Ben Stokes has always been a match-winner and a leader, says England team-mate Mark Wood
Wood: "He leads through the way he speaks, through his actions and the way he trains"
Wednesday 28 August 2019 09:23, UK
Mark Wood has opened up on the attributes that make his Durham and England team-mate Ben Stokes such a special talent.
Headingley rose to acclaim one of English sport's greatest individual performances as Stokes masterminded his country's great escape on Sunday afternoon, levelling the Ashes series with a wicket to spare.
The England left-hander displayed resilience, courage, no little skill and flair to score 135 over five hours to seal his country's biggest fourth-innings chase in Test cricket - and Wood has lifted the lid on what makes him so special.
"I think it's a mixture of things - self-belief is high among them," Wood told Sky Sports. "In those situations, he always believes he can do it.

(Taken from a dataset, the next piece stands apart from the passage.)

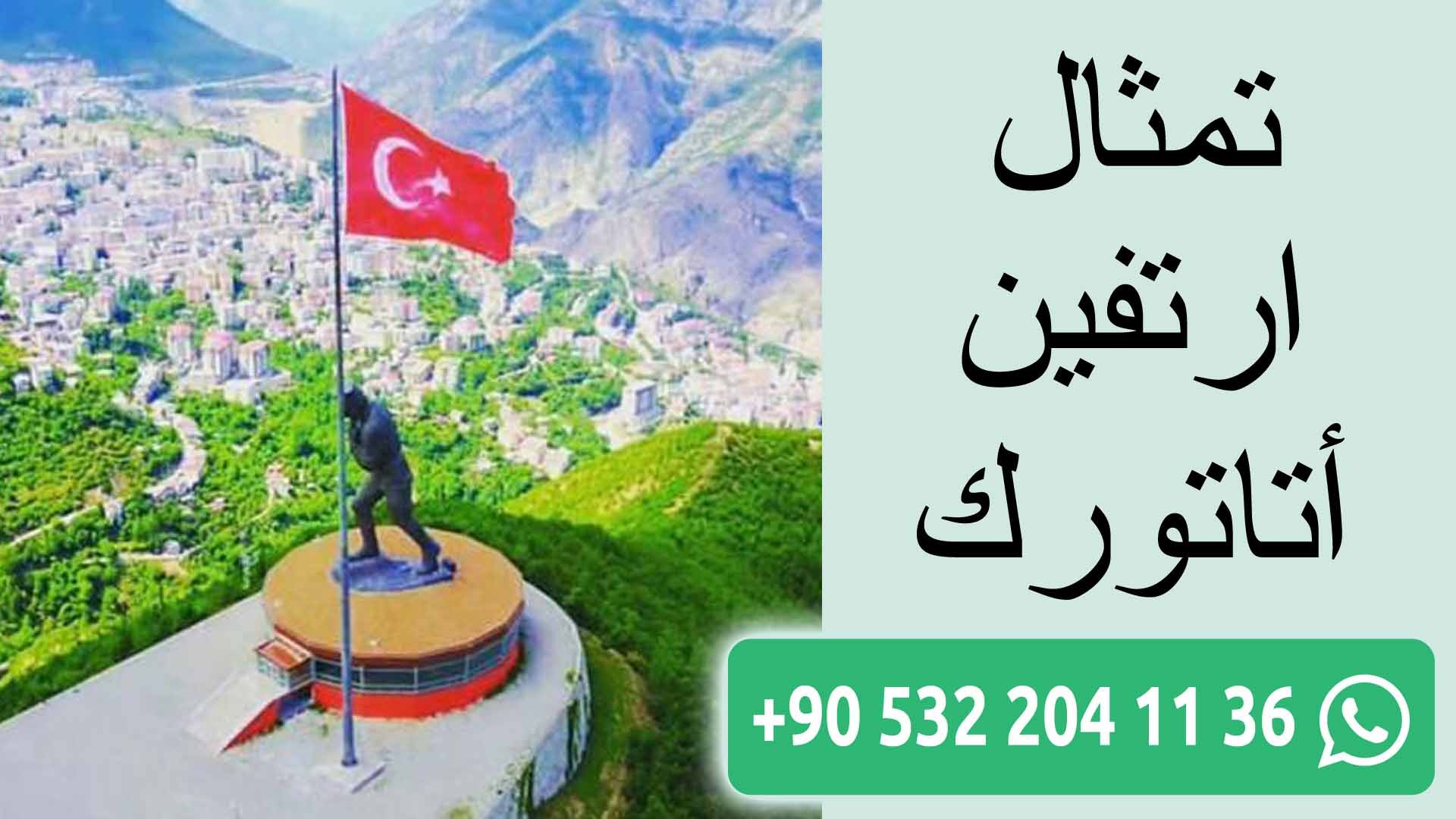 أتاتورك هو القائد الشهير الذي أنقذ تركيا من احتلال العدو وكان أيضًا من حفظة القرآن الكريم. اسمه الكامل هو مصطفى كمال أتاتورك. للترويج لأتاتورك، تم بناء أكبر تمثال لأتاتورك في العالم في أرتفين، المقاطعة الحدودية التركية مع جورجيا. يقع في منطقة مولازيب في حي شيهيتليك في مقاطعة أرتفين. الشخص الذي ساعد في بناء النصب التذكاري، الذي تم افتتاحه في ١٩ مايو ٢٠١٢ ، هو سيتكي كاهفيسيوغلو. تم بناء المبنى التذكاري على شكل ١٦ جينة لتمثل الولايات التركية الـ ١٦ التي تأسست عبر التاريخ. التشمثال موجود على المبنى. الوزن الإجمالي للعمودين داخل المبنى ٤٠٠ طن. تم تجهيز الجزء الداخلي من النصب التذكاري من ٥٢ أنبوبًا فولاذيًا ١٤٨٠ قطعة من الفولاذ تزن ٥٠ طنًا. تم استخدام ١٠ طن من صفائح النحاس. ويبلغ وزن التمثال ٦٠ طنا. يتكون فستان تمثال أتاتورك من ١٢ قطعة. دعونا نلاحظ أن الهيكل المعدني للنصب التذكاري العملاق صنعه مورال ديمير في ريزي أرديسن. بالمناسبة، دعونا نتوسع في الحديث عن الرقم ١٢ قليلاً. يوجد في قبر أتاتورك، أنيتكابير، في أنقرة، ١٢ أسدًا على اليمين و١٢ أسدًا على اليسار. هذا المكان، حيث يمكنك المشي إلى قبر أتاتورك، يسمى طريق الأسود. ومن المعروف في التاريخ الإسلامي أن حضرة حمزة وحضرة أبو طالب كانا ماهرين في صيد الأسود. ووفقا للباحثين، فإن تماثيل الأسد الـ١٢ الموجودة على اليمين هي هرتز. الأسود التي اصطادها حمزة هي تماثيل الأسود الموجودة على اليسار. وقيل إنهما أسود اصطادهما أبو طالب. كما يحب المسلمون الأئمة الاثني عشر الذين هم من نسل النبي محمد (صلى الله عليه وسلم). يبلغ ارتفاع تمثال أتاتورك ٢٢ مترًا، وقاعدته ١٣ مترًا. يوجد سارية العلم التركي بطول ٦٠ مترًا بجوار تمثال أتاتورك. العلم التركي يرفرف على مساحة ٢٦٤ مترًا مربعًا، هلال ونجمة. التمثال مستوحى من صورة أتاتورك التي التقطت في أنقرة كوكاتيبي خلال حرب الاستقلال التركية. ويرتدي أتاتورك قبعة قوقازية على رأسه. يُعرف اسم المكان الذي يقع فيه النصب التذكاري باسم أتاتيبي أرتفين أو أرتفين أتاتيبي. استغرقت أعمال البناء حوالي سنة واحدة. يوجد مطعم تحت النصب التذكاري. من السهل الوصول إليها بسيارة خاصة، لكن الطرق ليست واسعة جدًا. إنها وجهة متكررة لأولئك الذين يريدون النظر إلى آرتفين من الأعلى وتذكر القائد العظيم أتاتورك بالصلاة. تبلغ المسافة بين تمثال آرتفين أتاتورك والمطار حوالي ١٢١ كيلومترًا. تبلغ المسافة بين تمثال آرتفين أتاتورك واوزنجول حوالي ١١٢ كيلومترًا. موقع تمثال آرتفين أتاتورك واتجاهات خريطة تمثال آرتفين أتاتورك أدناه.

"Ever since we were in the academy, he was the go-to man. He was the most competitive and the most determined to prove everyone wrong.
"He's a special talent who drives everybody with them, and he's just an amazing person, really.
"He's always been a match-winner and a leader. He's not your typical captain, but he leads through the way he speaks, through his actions and the way he trains, he's the hardest worker in our group.
"The freak catch he took in 2015 Ashes [a one-handed grab off an Adam Voges edge], and the catch he took on the boundary against South Africa early in the World Cup [a one-handed take to dismiss Andile Phehlukwayo] - some people think that's a fluke, but he actually practices that in training.
"The concentration and determination he had at the end there, that's what sets him apart from everybody else."
Stokes' match-winning efforts at Headingley have also seen him rise to career-high positions in the ICC Test rankings among both batsmen and all-rounders.
The 28-year-old is now 13th in the batting standings, a climb of 13 places, while he has moved up two spots to second in the all-rounders category, behind West Indies captain Jason Holder.
Wood joined Stokes at the crease in the nerve-shredding World Cup final at a spellbound Lord's last month, so what would the advice have been for Jack Leach?
"Stokes would have just told him not to get out!" he added. "When I got out there [in the World Cup final] he said that he was going to take five, you take one, always back up because we'll look for two at times.
"Even at times when I was backing him up and I'd be halfway down the pitch, he'd send me back if it was only one. Leachy played his part just as much as Stokesy.
"I didn't manage to keep my wicket, but for someone like Leachy with his glasses on to hold his end of the bargain up, it was perfect."